Recorded data →
⟨

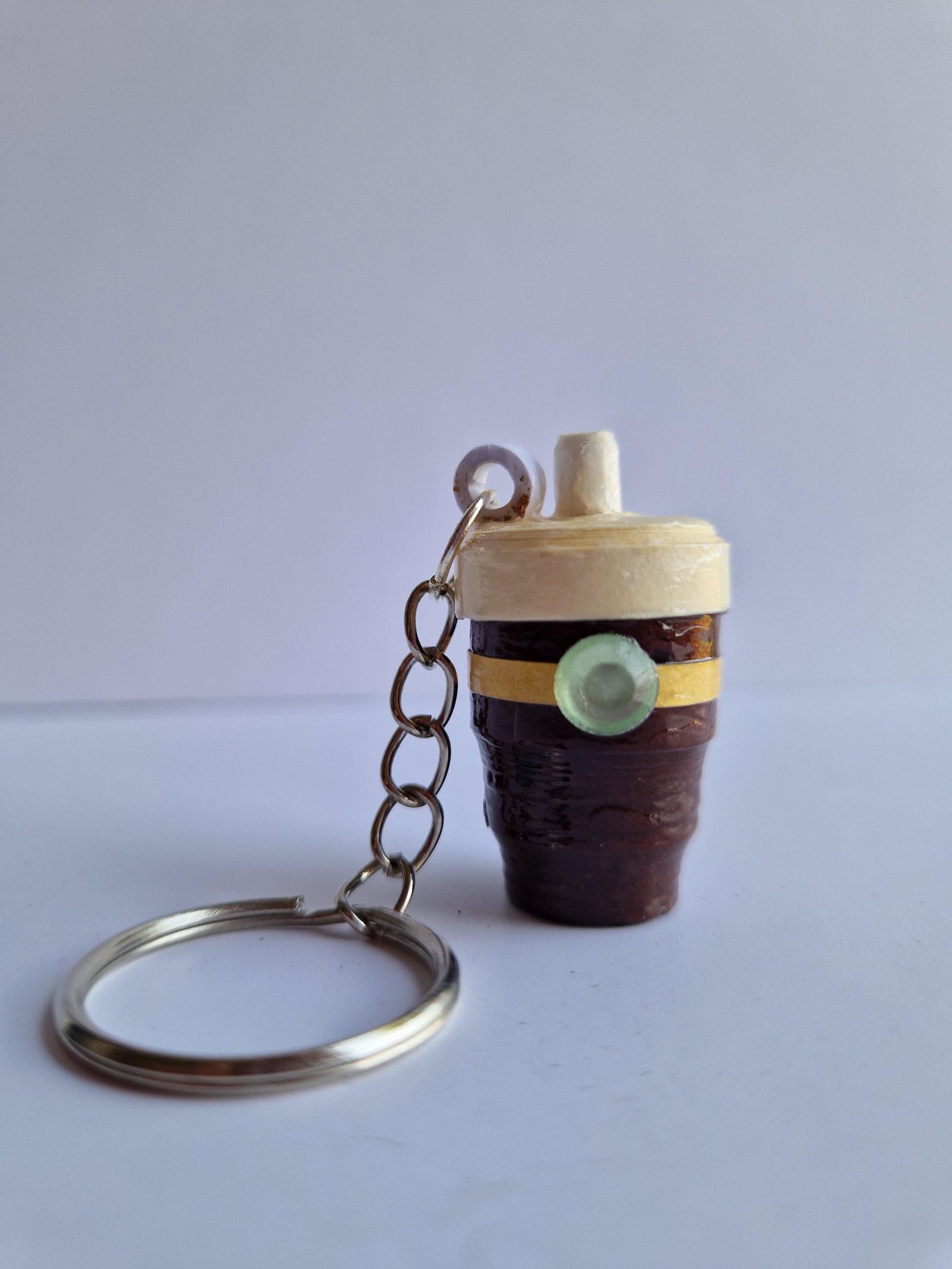 Quilled Paper 3D Coffee Travel Cup Keyring. A cute little cup, shaped by hand using the traditional artwork of paper quilling, also known as Filigree.
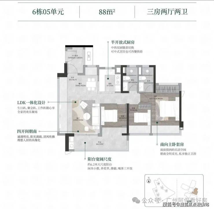88㎡三房:6.2米阳台,四开间朝南,总价339万起。
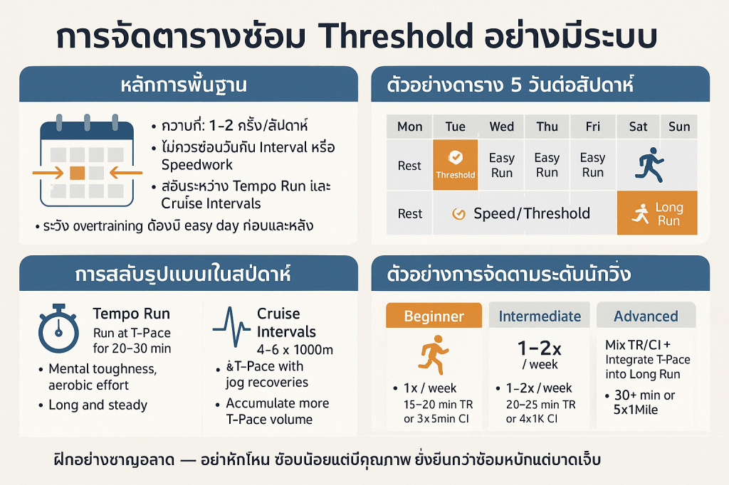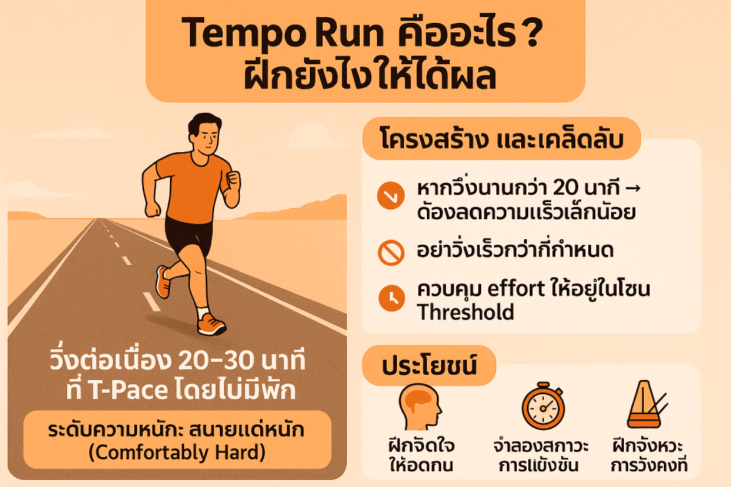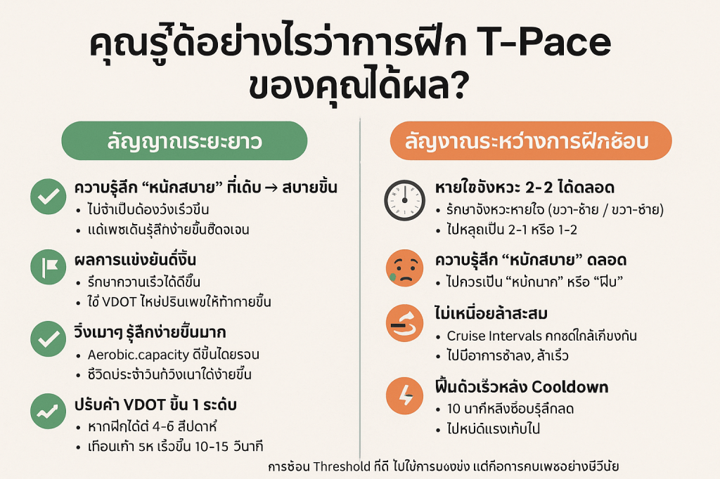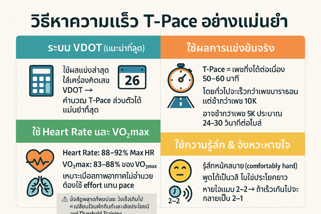 - กฎทอง: T-Pace ไม่เกิน 10% ของระยะวิ่งต่อสัปดาห์ และไม่เกิน 16 กม./1 ชั่วโมง ต่อครั้ง เพื่อหลีกเลี่ยงการซ้อมหนักเกิน
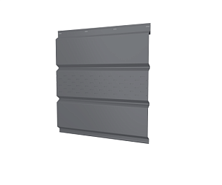 Металлический софит с центральной перфорацией Grand Line с покрытием Полиэстер 0,4 мм RAL 7024 имеют сложнопрофилированную форму с имитацией обрезных деревянных планок, причем только по центральной части полосы выполнена специальная структурированная просечка. Такие софиты сохраняют вентиляционную способность и применимы для декорирования и защиты подкровельного пространства как в горизонтальной, так и в вертикальной плоскости. Вентилируемые софиты профилируются из специальной кровельной стали толщиной от 0,4 миллиметра с современным стойким к разрушающим воздействием покрытием на основе уплотненного оцинкования и окрашенного полимера. Монтаж софитов осуществляется по классической технологии для отделки фасадов с использованием доборных элементов и крепежных, декоративных планок.
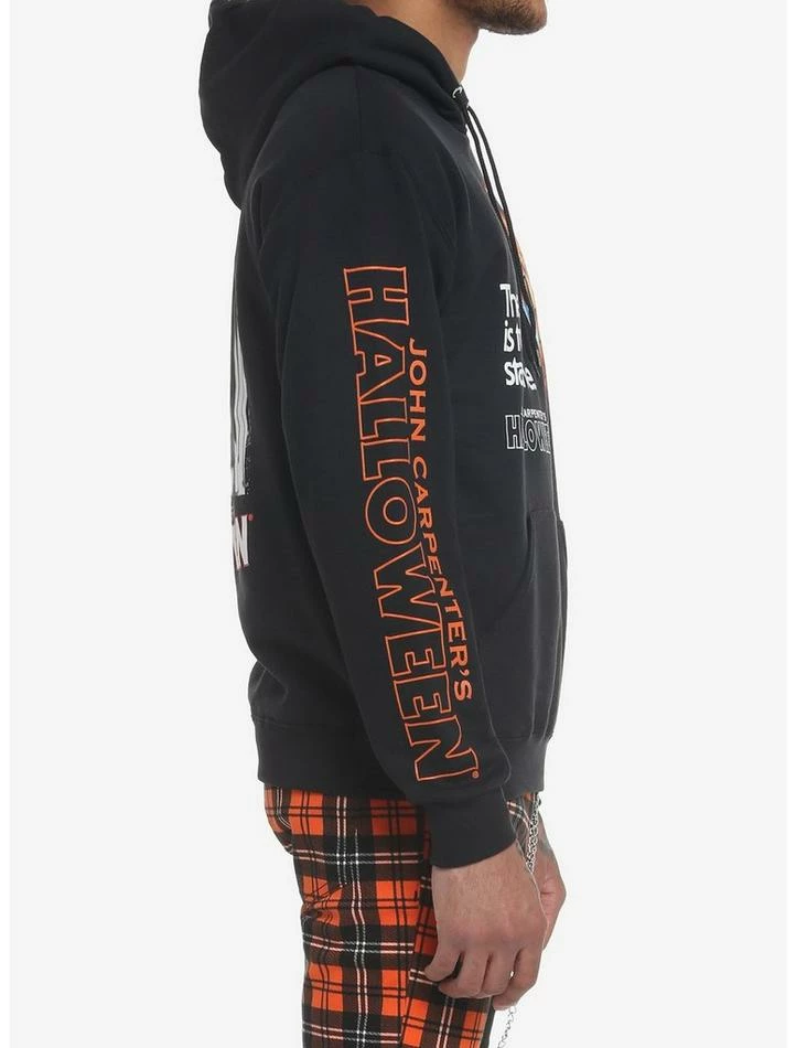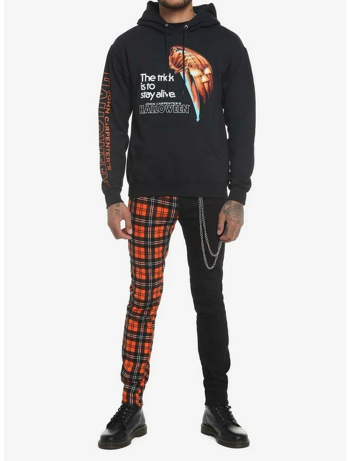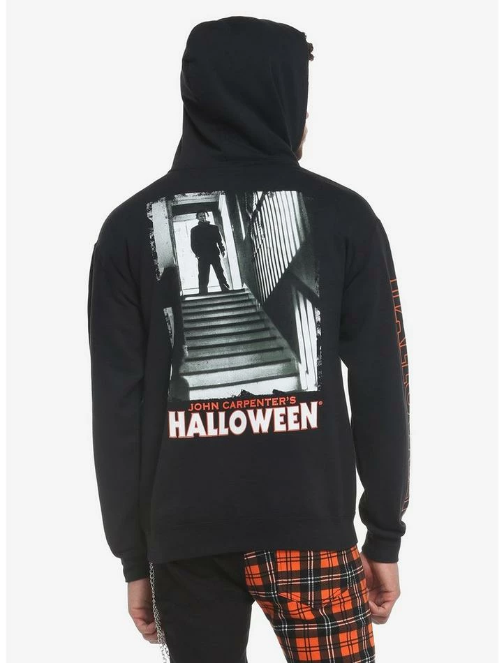 Make sure you stay alive and cozy with this hoodie on! Add something killer to your wardrobe with this Halloweenย hoodie, featuring a poster print of Michael Myers on the back in black & white, with the movie title underneath, printed down one sleeve and on the front. “The trick is to stay alive” is on the front with a chilling graphic.ย
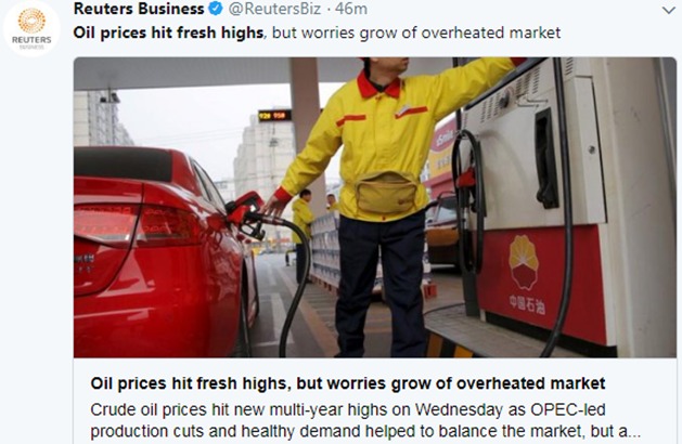 El precio de este crudo referencial ha reportado un ascenso de 11% desde mediados de diciembre, en gran parte por el acuerdo de la OPEP junto a Rusia de mantener los recortes en la producción de petróleo por todo el 2018.
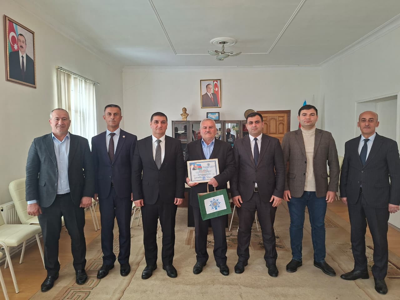 Sonda Hacibala Ağayev rayon təşkilatının ictimai-siyasi həyatında fəal iştirakına və 70 illik yubileyi münasibətilə Fəxri Fərman və xatirə hədiyyəsi ilə təltif olundu.
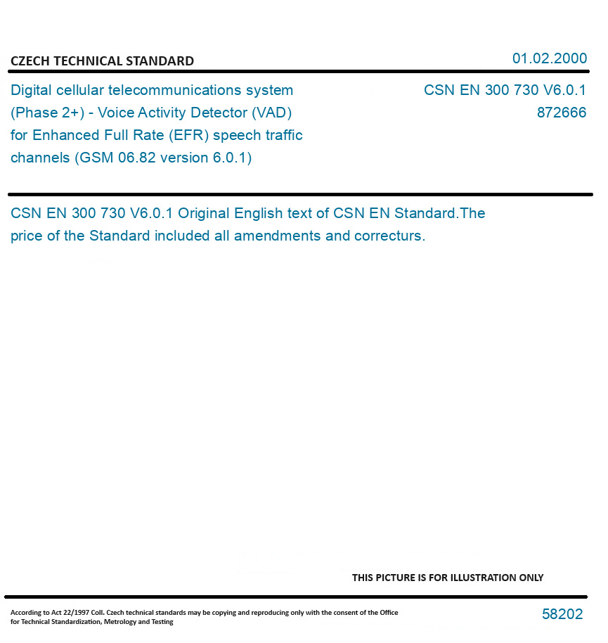 | Number of Standard: | CSN EN 300 730 V6.0.1 |
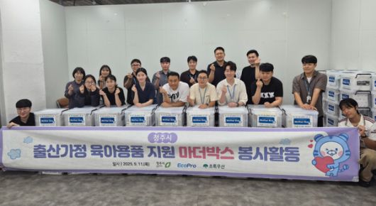 마더박스는 아기 목욕 수건, 순면 손수건, 치발기, 이유식 용기, 젖병 세트, 온습도계 등 신생아와 산모에게 필요한 친환경·안전 제품 10종으로 구성된 육아용품이다. 에코프로는 올해부터 경제적 여건이 어려운 취약계층 산모 34가정에 1인당 50만 원의 산후조리비도 지원한다.
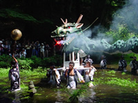 日本一長いと言われている全長45メートルの龍が7月29日、今年も御代田町に舞った。まつりのオープニングを飾る開眼式が執り行われた真楽寺では、大沼池の上をゆっくりと這うように舞う龍や、三重の塔の下で銅鑼や太鼓の音に合わせ、所狭しと暴れ舞う龍の姿が見られた。途中豪雨に見舞われ、一時舞が中断するというハプニングもあったが、集まった見物客は大迫力の龍の姿に満足そうな表情を浮かべていた。 ●龍神まつり実行委員会事務局 御代田町役場商工観光係:TEL0267-32-3111
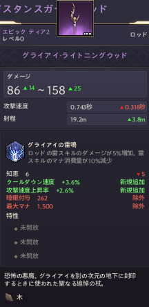 堕天使の避雷針99~1420.7秒17.6m技量3知恵5クールダウン速度+3%種族ダメージアップ16※9電撃の槍
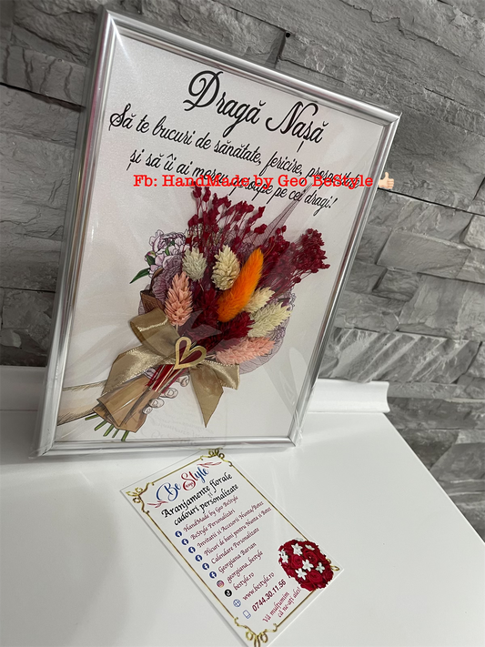 Tablou nunta pentru nasa cu buchet din flori uscate
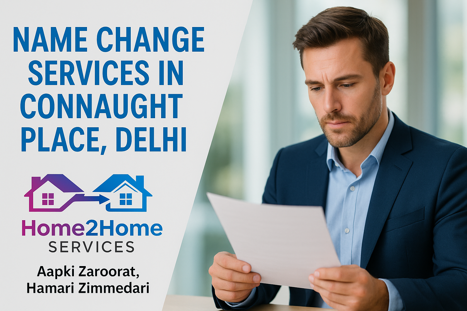 Looking for a reliable name change consultant in Connaught Place, Central Delhi? Home2Home Services provides expert guidance and complete support for changing your name legally in Delhi. Whether it is after marriage, divorce, adoption, spelling correction, numerology, or personal reasons, we handle the entire process end-to-end so you do not face delays or rejections.
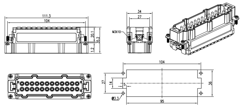 Male Inserts,Contacts 24+PE,Spring connection(quick),16A 500V KLS1-HE-024MQP |
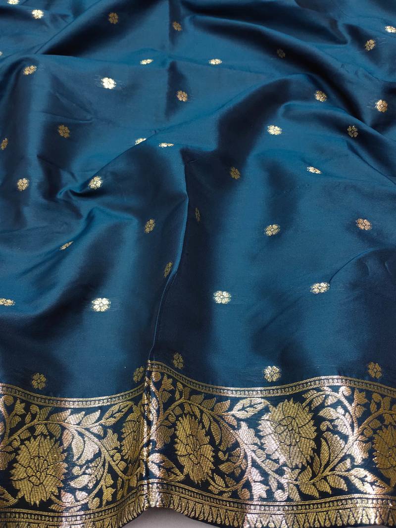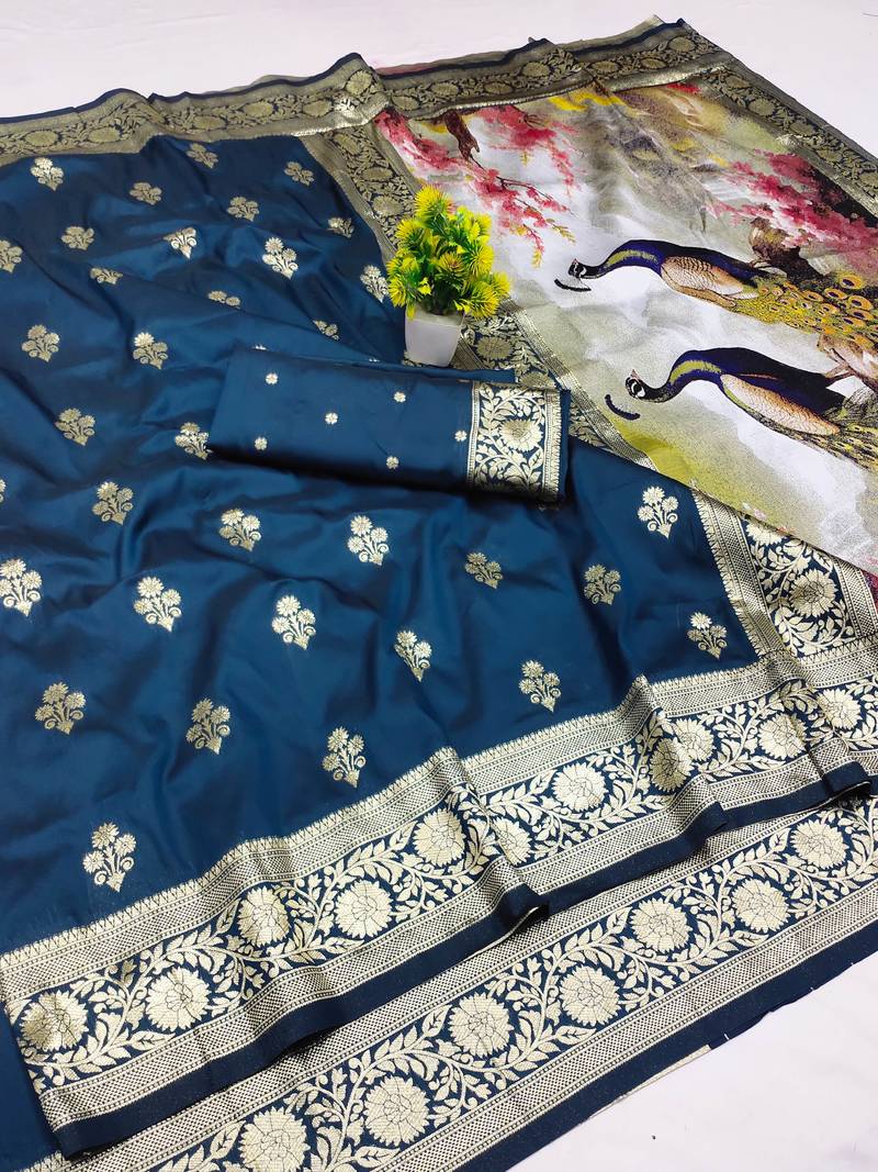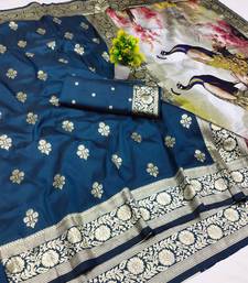 Blue zari woven art silk saree with blouse

⟩

Task details → Print exactly the lines running from the start of the entries above to the line with "- กฎทอง: T-Pace", both included; leave out any pictures.

Answer →
 Quilled Paper 3D Coffee Travel Cup Keyring. A cute little cup, shaped by hand using the traditional artwork of paper quilling, also known as Filigree.
88㎡三房:6.2米阳台,四开间朝南,总价339万起。
 - กฎทอง: T-Pace ไม่เกิน 10% ของระยะวิ่งต่อสัปดาห์ และไม่เกิน 16 กม./1 ชั่วโมง ต่อครั้ง เพื่อหลีกเลี่ยงการซ้อมหนักเกิน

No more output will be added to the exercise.